- What is expected
As written and without pictures, set down the lines from the one that contains "A large quantity" through the end of the data.

- Provided material

---+---

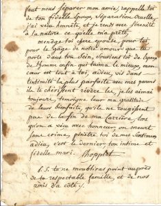 in-4 (taches).- Émouvante lettre d’adieux à sa femme avant d’être guillotiné. « Les destinées de chaque mortel sont arrêtées chere et douce amie, lorsque l’innocence opprimée ne peut se faire entendre. Le seul azile qui lui reste est dans le sein de l’éternel, il m’eut eté bien doux après avoir fidelement servi ma patrie de passer des jours sereins a tes côtés […] mais enfin puisque je n’ai pu parvenir a prouver aux hommes ma loyauté, sois convaincue chere épouse de l’innocence de l’homme qui aurait désiré ne vivre que pour toi et son pays […] j’ai vecu honnête, et je rends avec sérenité à la nature ce qu’elle m’a prêté »… On joint une P.S. (déchirée avec manques) du colonel Blondel, directeur du Dépôt de la Guerre, certifiant la condamnation et l’exécution de Chopplet (1852).
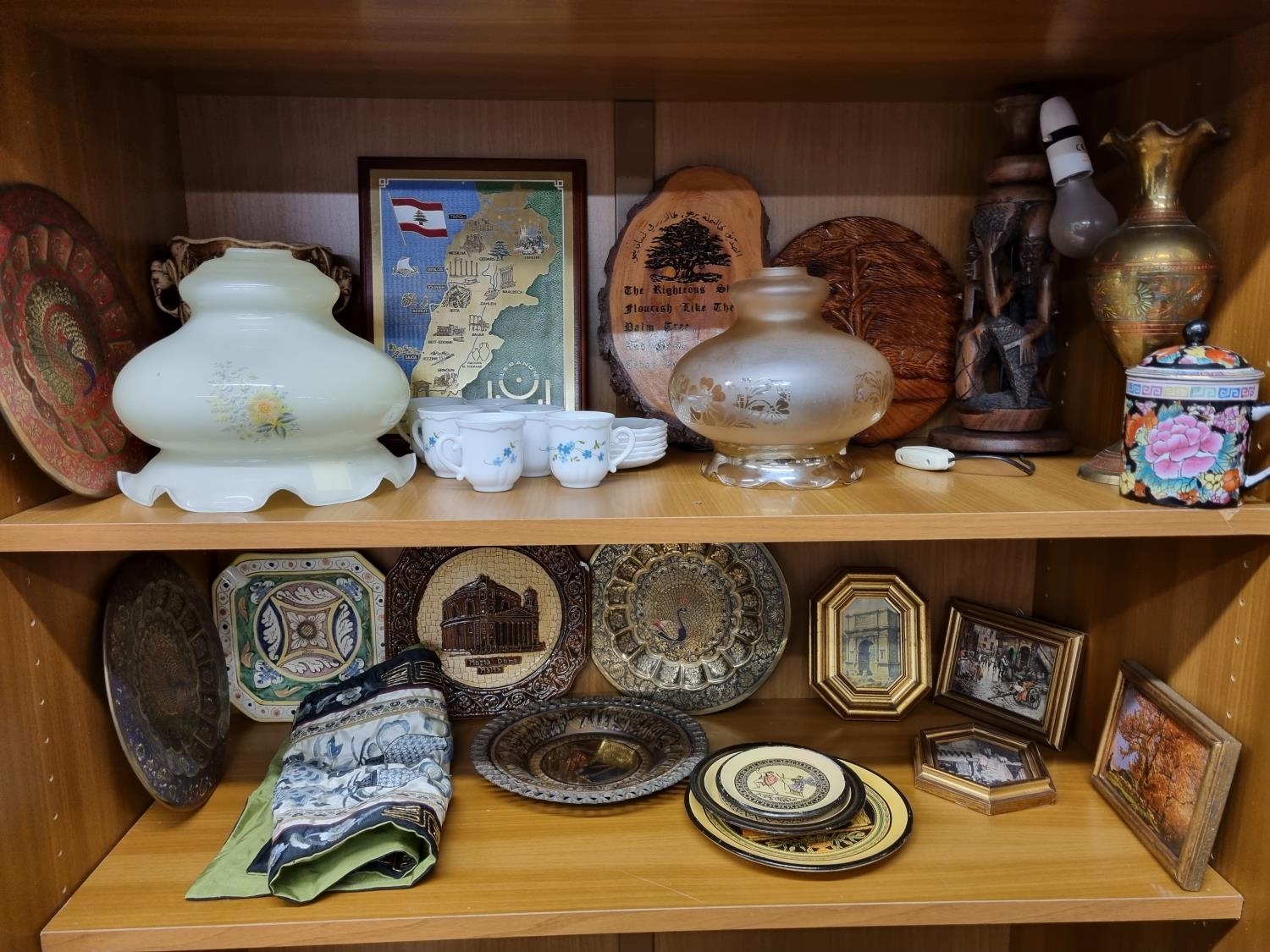 A large quantity of decretive Items on two shelves.
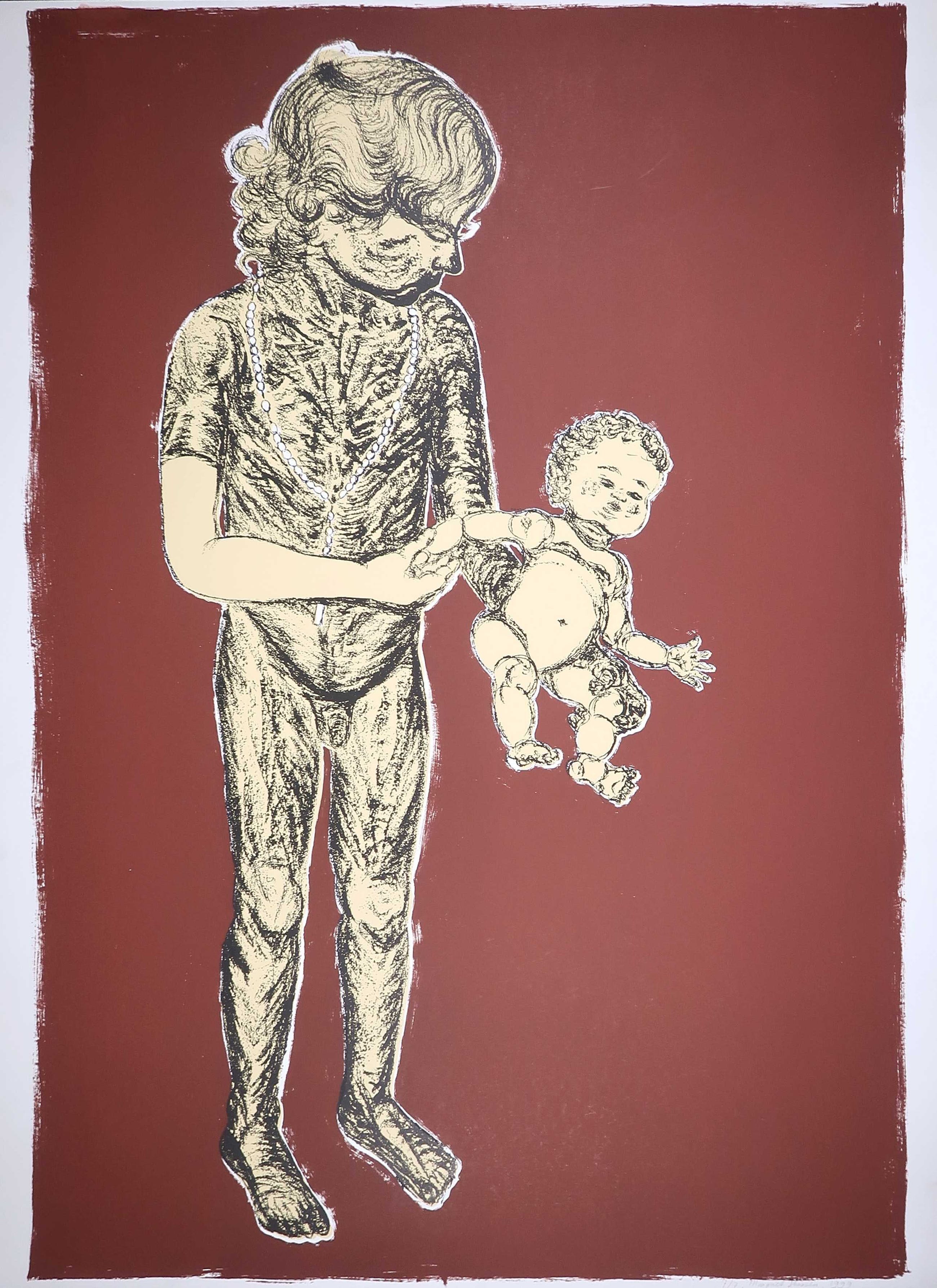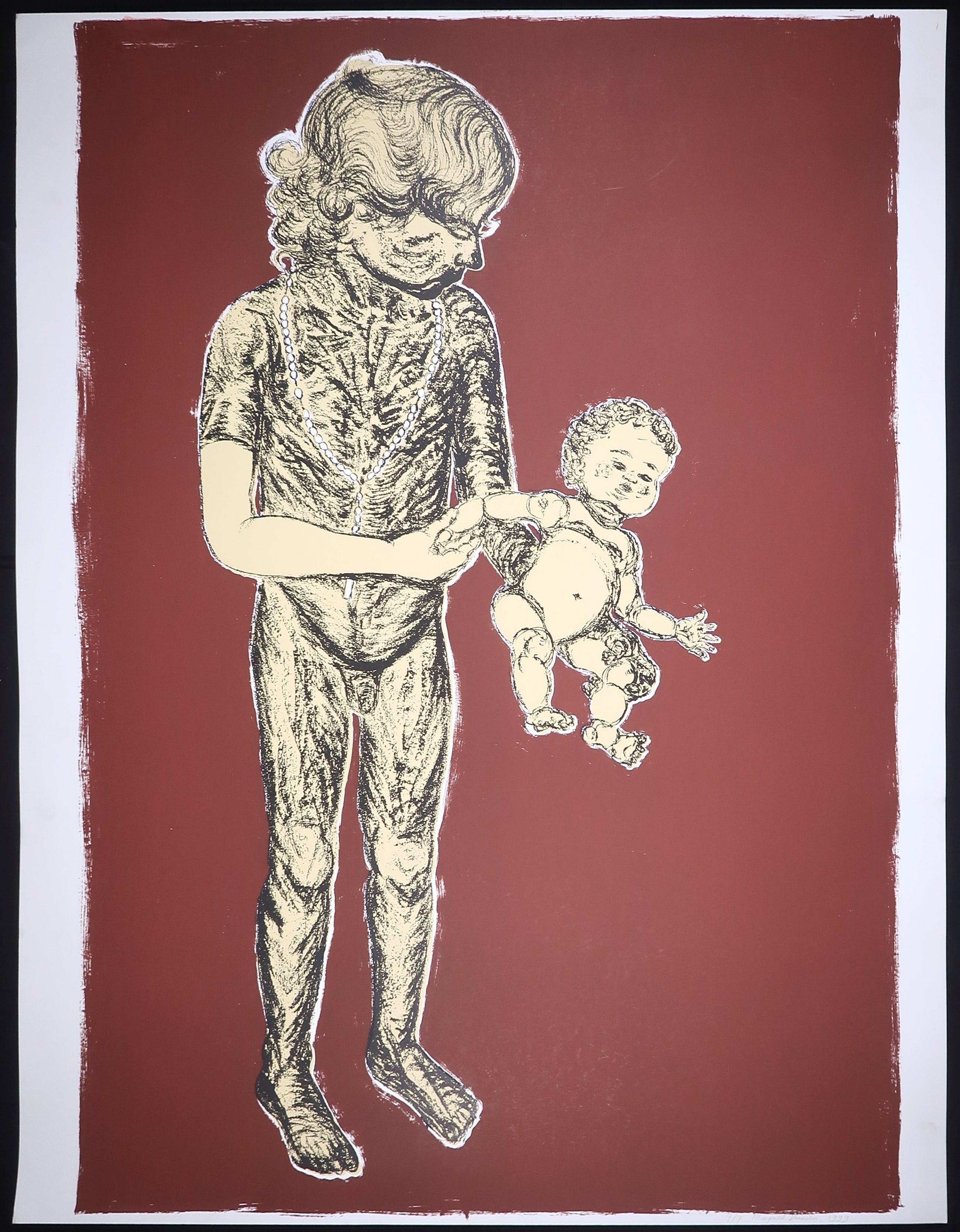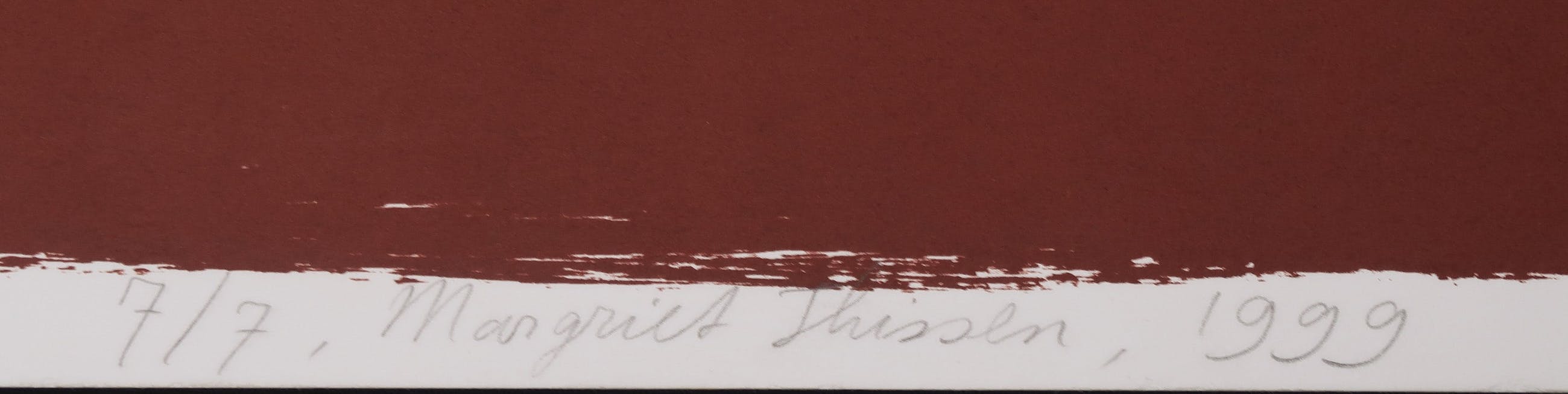 Zeer grote zeefdruk van Margriet Thissen, uitgegeven in kleine oplage door Peninsula te Eindhoven in 1999 als onderdeel van het project 'Tokens'.

---+---

- Worked solution
 A large quantity of decretive Items on two shelves.
 Zeer grote zeefdruk van Margriet Thissen, uitgegeven in kleine oplage door Peninsula te Eindhoven in 1999 als onderdeel van het project 'Tokens'.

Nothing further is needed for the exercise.